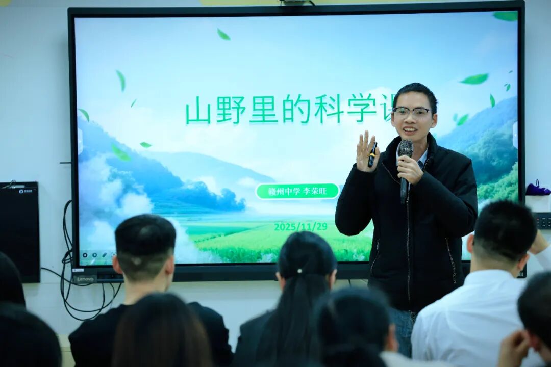 强化探究项目设计。赣县区第二中学工会主席、省学科带头人陈功健以“自来水探秘”“电厂研学”等项目为例,分享如何引导学生“学做人、立志向、勇创造”,其指导的学生累计千余人次获国家级科技奖项。
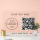 A modern clear acrylic minimalist personalized sign perfect for your business promotion. Customize the business logo, QR Code and text and make it your own. A professional transparent business logo sign ideal for business signs, marketing, promotions etc. Simply replace the business logo placeholder with your own business logo and type in your text to create a professional acrylic sign.
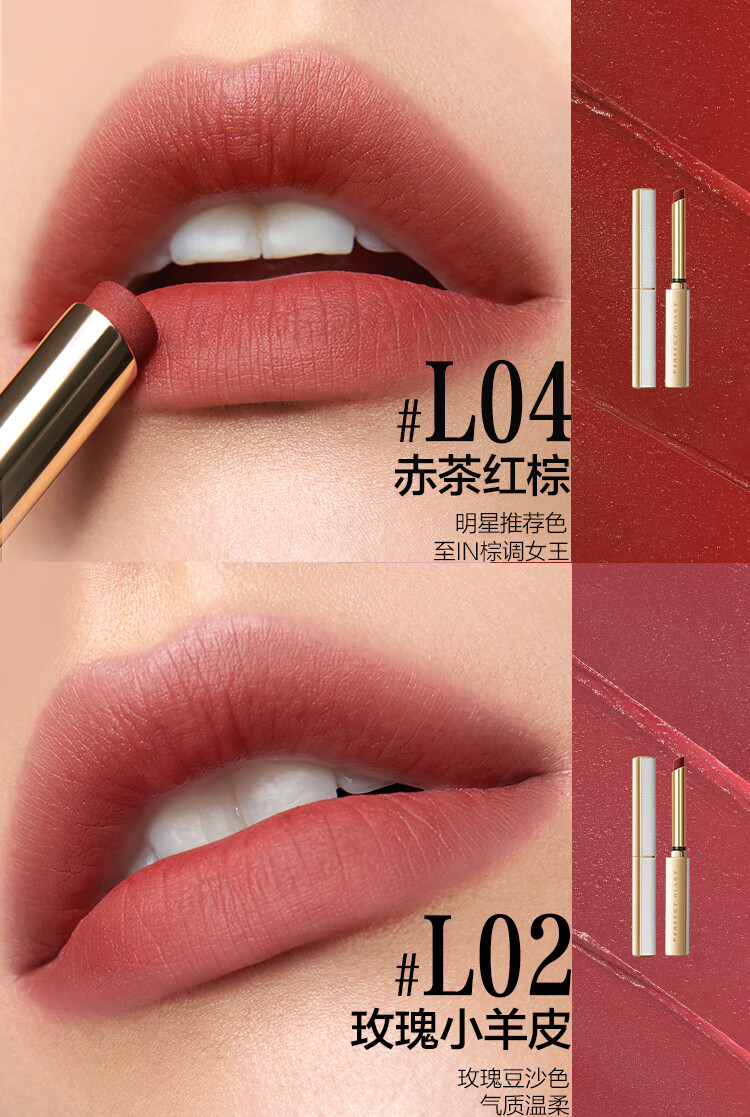 完美日记【直播专享】小细跟丝绒细管口红L02蜜桃豆沙0.8g新年礼物女
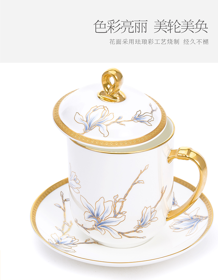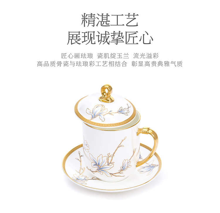 【6F】玛戈隆特 进博盛宴3头会务盖杯 珐琅彩会议办公家用杯子 礼盒包装
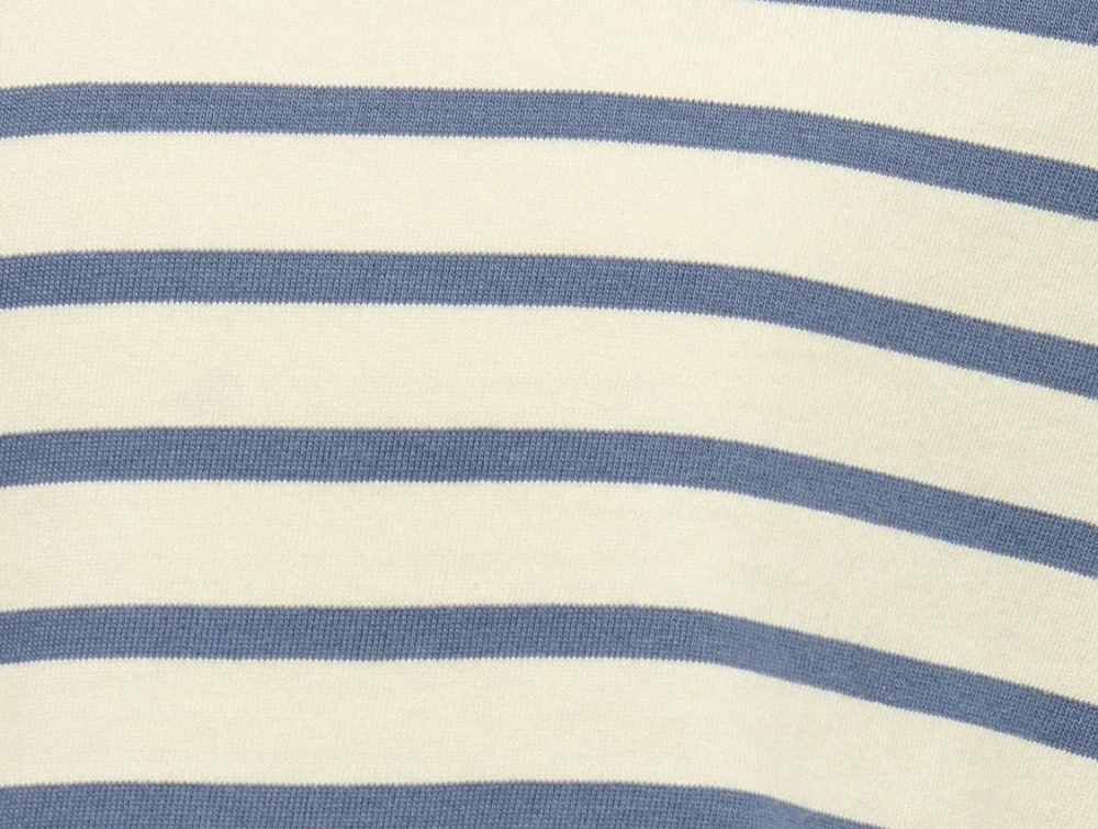 T-shirten har et afslappet look med brede striber og rund halsudskæring. Den er lavet i en blød bomuldskvalitet, der gør den behagelig at have på til både hverdag og afslapning.
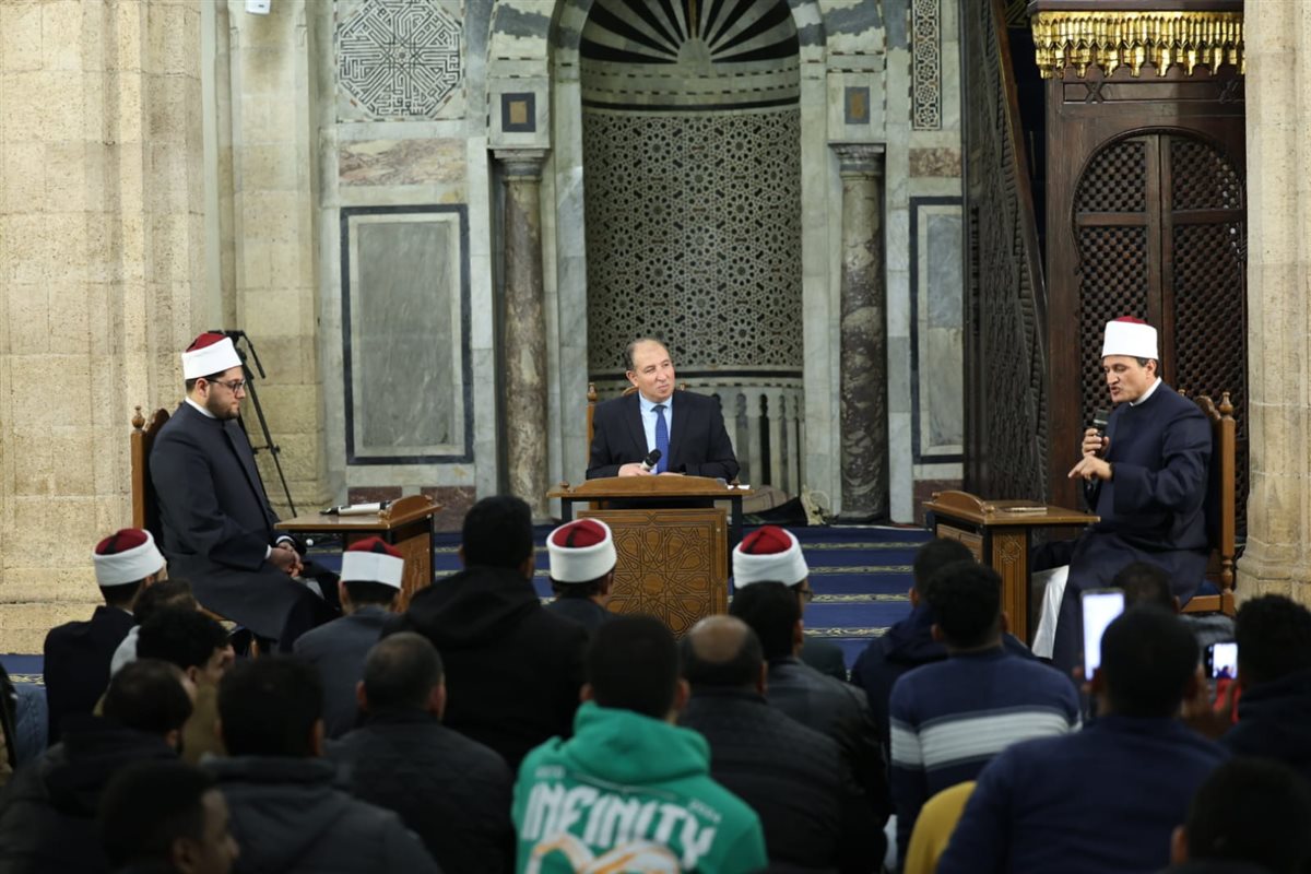 عقد الجامع الأزهر، اليوم الثلاثاء، في الليلة الرابعة عشرة من شهر رمضان المبارك، عقب صلاة التراويح، ملتقى الجامع بعنوان: "معالم الشخصية المسلمة في ظل معطيات عصر وسائل التواصل الاجتماعي"، بمشاركة الدكتور أسامة هاشم الحديدي، مدير عام مركز الأزهر العالمي للفتوى الإلكترونية، والدكتور معاذ شلبي، عضو هيئة التدريس بكلية الدعوة بجامعة الأزهر، وقدم الملتقى سمير شهاب، المذيع بالتليفزيون المصري.

::::

> **Your instructions**: Your reply is to be an exact repeat of the listing above from the line holding "A modern clear" down to the line holding "完美日记【直播专享】小细跟丝绒细管口红L02蜜桃豆沙0.8g新年礼物女", ends included, pictures excluded.

> **Exercise solution**:
 A modern clear acrylic minimalist personalized sign perfect for your business promotion. Customize the business logo, QR Code and text and make it your own. A professional transparent business logo sign ideal for business signs, marketing, promotions etc. Simply replace the business logo placeholder with your own business logo and type in your text to create a professional acrylic sign.
 完美日记【直播专享】小细跟丝绒细管口红L02蜜桃豆沙0.8g新年礼物女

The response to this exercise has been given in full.